(10) Tanda Tanya

173 37 22
                                    

Tidak ada yang namanya berbohong demi kebaikan.
Jika itu untuk kebaikan, lantas mengapa berbohong?

***
🐣🐣🐣

Sesampainya di rumah, aku langsung menuju kamarku kemudian merebahkan tubuhku ke ranjang.

Aku bahkan lupa mengambil hasil tes kesehatan ayahku, alhasil terpaksa aku harus menyuruh supirku untuk mengambilnya dirumah sakit. Ah, lebih tepatnya supir ayahku.

Aku tak peduli lagi, aku hanya ingin memejamkan mataku sejenak agar pikiranku tak melayang kemana-mana. Kepalaku terasa begitu pening memikirkannya.

Kejadian sore tadi sangat membuatku bingung. Rayhan benar-benar seperti teka-teki silang. Dia misterius, tak bisa di tebak. Sebentar dia baik, sebentar dia jutek, dingin, tapi sedetik kemudian dia bersikap manis dan penuh kehangatan.

Aku bahkan tak menyangka kalau dia ternyata lelaki paling egois di dunia ini. Lelaki ter-menyebalkan yang pernah aku temui.

Aku sungguh tak mengerti dengan apa yang sebenarnya ada di pikiran dan hatinya. Sepertinya dia masih mempunyai kebohongan lain yang dia sembunyikan, entah apa itu, yang pasti dia ingin menutupnya rapat-rapat dan merahasiakannya dariku.

Aku harus mencari tahunya sendiri jika aku mau mengerti semua kejelasannya. Aku sendiri tak percaya kalau aku bisa mengatakan hal seberani itu padanya.

Huft...

Aku bahkan merubah sikapku seperti layaknya wanita jahat yang bersikeras ingin merebut kekasih orang. Tapi apa itu salah? Aku hanya ingin berusaha mempertahankan cintaku sebelum semuanya terlambat. Hanya saja, aku mengungkapkan hal itu dengan kasar pada Rayhan.

Kali ini, lenyap sudah harga diriku. Duh, rasanya lagi-lagi aku menyesali perbuatanku sendiri.

"Arrgghhh," teriakku kesal seraya mengacak-acak rambutku yang sudah berantakan sejak awal.

"Please, Vei. Berhenti mikirin dia! Sekarang pejamkan matamu pelan-pelan dan tidurlah. Oke!" sugestiku pada diriku sendiri yang sedari tadi tak mampu melelapkan tidurku karena selalu memikirkan perdebatan kami tadi sore.

#flashback on

"Aku juga menyukaimu. Bahkan rasa sukaku lebih besar dari yang kamu tau," ucap Rayhan lirih sembari menatapku penuh makna.

Aku terpaku oleh ucapannya. Kalimat yang ia lontarkan, telak membuat jantungku melunjak dari tempatnya.

Mataku seketika banjir oleh genangan air yang entah dikarenakan apa. Haruskah aku senang oleh pengakuannya? Lalu kenapa masih ada sesuatu yang menyesakkan batinku? Sebenarnya apa yang hatiku harapkan?

"Pak Rayhan serius? Sungguhkah? Bapak tidak berbohong?"

Rayhan belum menjawab, dia hanya tersenyum manis menanggapi pertanyaanku.

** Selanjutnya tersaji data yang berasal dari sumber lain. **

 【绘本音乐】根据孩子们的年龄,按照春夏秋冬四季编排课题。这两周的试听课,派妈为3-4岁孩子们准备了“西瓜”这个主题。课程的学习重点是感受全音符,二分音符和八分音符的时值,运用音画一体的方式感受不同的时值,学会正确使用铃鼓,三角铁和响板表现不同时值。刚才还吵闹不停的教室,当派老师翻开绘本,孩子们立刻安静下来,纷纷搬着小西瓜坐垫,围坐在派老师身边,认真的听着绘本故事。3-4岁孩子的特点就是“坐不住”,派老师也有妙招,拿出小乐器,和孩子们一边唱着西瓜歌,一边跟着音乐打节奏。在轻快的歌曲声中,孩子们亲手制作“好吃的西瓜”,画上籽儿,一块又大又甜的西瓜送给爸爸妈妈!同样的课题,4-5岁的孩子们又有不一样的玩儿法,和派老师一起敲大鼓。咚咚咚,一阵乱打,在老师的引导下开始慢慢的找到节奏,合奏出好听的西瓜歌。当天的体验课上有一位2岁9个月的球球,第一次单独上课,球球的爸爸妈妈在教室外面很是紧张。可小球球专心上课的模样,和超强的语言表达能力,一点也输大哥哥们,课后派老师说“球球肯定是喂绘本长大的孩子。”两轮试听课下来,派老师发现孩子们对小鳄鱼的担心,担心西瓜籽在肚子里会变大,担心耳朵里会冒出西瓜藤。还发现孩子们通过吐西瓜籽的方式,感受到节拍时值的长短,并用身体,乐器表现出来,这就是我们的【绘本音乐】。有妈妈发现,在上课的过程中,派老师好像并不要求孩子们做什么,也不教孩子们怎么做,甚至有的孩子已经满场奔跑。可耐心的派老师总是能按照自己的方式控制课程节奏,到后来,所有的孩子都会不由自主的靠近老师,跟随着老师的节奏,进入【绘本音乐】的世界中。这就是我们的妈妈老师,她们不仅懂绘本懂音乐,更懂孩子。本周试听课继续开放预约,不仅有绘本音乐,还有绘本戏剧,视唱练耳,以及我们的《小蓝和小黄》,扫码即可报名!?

Dia mengusap lembut air mata yang jatuh dari pipiku dengan jemarinya.

"Ini perasaanku yang sesungguhnya, Vei," balasnya kemudian.

Entah sejak kapan Rayhan telah mengubah tata cara bicaranya menjadi aku kamu ketika bercakap denganku.

Dia masih lekat menatapku dengan tatapan matanya yang sayu, namun sedetiknya lagi dia melepaskan takupan tangannya dari pipiku dan melangkahkan kakinya perlahan ke belakang untuk menjauhkan tubuhnya dariku. Seketika, aku melihat senyuman getir terukir dari bibirnya.

"Tapi maafkan aku, Vei. Karena meski aku menyukaimu, aku tetap tidak bisa memberikan rasa ini untukmu."